L’evoluzione del progetto mi ha effettivamente donato tanto e aiutato nell’apprendere e comprendere la gestione delle dinamiche di gruppo: partendo dall’idea di corpo unico, si procede nella costruzione di una esperienza comune, caratterizzata dal senso di appartenenza e dalla capacità di sviluppare una sempre maggior sensibilità nei confronti dell’altro. 

Questo lavoro sulla comunità è un lavoro che cerca di far emergere le varie modalità di accettazione e ciò potrebbe essere fondamentale in questo momento storico, soprattutto tra i giovani. L’accettazione della diversità nella costruzione della comunità è un passaggio fondamentale anche all’interno della scuola di danza, per questo non ci si può esimere da questi insegnamenti.

Lo troverei un lavoro molto utile anche nelle formazioni della danza, poichè grazie alla comunità si può trovare il modo di darsi forza a vicenda, una ragione per andare avanti.

Hai citato il lavoro delle scuole di danza e la grande possibilità che queste hanno ora: dare voce ai giovani e alle loro necessità più profonde, non necessariamente legate alla tecnica e alla forma, ma anche alla motivazione. 

In questi anni di ricerca ho capito come l’idea di comunità debba essere anche alla base delle singole classi, per richiamare il rispetto: è necessario un esame di coscienza sul valore dell’essere umano come singolo e come comunità.

Sarebbe utile e molto educativo sviluppare progetti di incontro su larga scala, dal singolo alla comunità, allargando i punti di vista, i contatti tra comunità e regioni.

In questo periodo storico emerso come la scuola di danza sia maggiormente legata all’idea di sport.

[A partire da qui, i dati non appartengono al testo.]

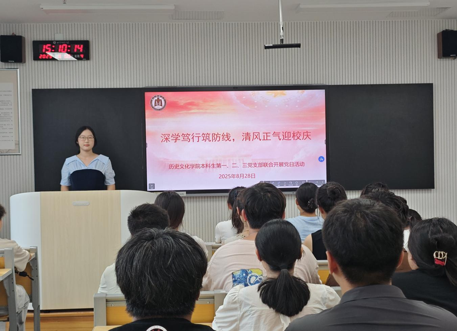 2025年8月28日,快猫视频 本科生第一、二、三党支部于致知楼B303联合开展“深学笃行筑防线,清风正气迎校庆”主题党日活动。活动由董经同志主持,快猫视频 本科生第一、二、三党支部全体党员参与。

Pochi si allontanano dall’idea di insegnamento canonico, un’idea diversa rispetto all’apprendimento della mera tecnica, che guarda maggiormente al gruppo, all’identità comune, culturale e sociale. Quest’idea non si lega al linguaggio, né alla disciplina, ma cerca di portare il valore della comunità all’interno del luogo di formazione. Ciò diventa necessario per ampliare la propria conoscenza.

Vivi la danza come un rituale più che come una forma di espressione meramente artistica, all’interno del quale cerchi sempre di instaurare un rapporto con il pubblico, cosa ti ha condotto qui? 

Credo nel rituale inteso come momento di cambiamento e passaggio. Viviamo in un mondo, dove le influenze sono molteplici, per questo non riesco a pensare a un momento di condivisione senza relazione reale tra danzatore e spettatore.

Dal corpo pensante arriva la possibilità comunicativa, sta nella persona che crea il movimento cercare un legame con la comunità (allievo o spettatore), in modo da generare contenuti di diverse tipologie e caratterizzanti diversi piani della creazione artistica (partendo dalla formazione, fino a giungere a spettacoli e pratiche artistiche di condivisione).

La danza per me è incontro, nella separazione non c’è crescita, non c’è sviluppo.

Per questo dovrebbe essere necessario rivedere anche le modalità di dialogo tra le scuole di danza: è impossibile evolvere se tra le singole scuole vi è un muro. Solo i momenti di coesione e dialogo possono creare le condizioni per uno scambio di possibilità e per un cambio di punti di vista nella scala dei valori.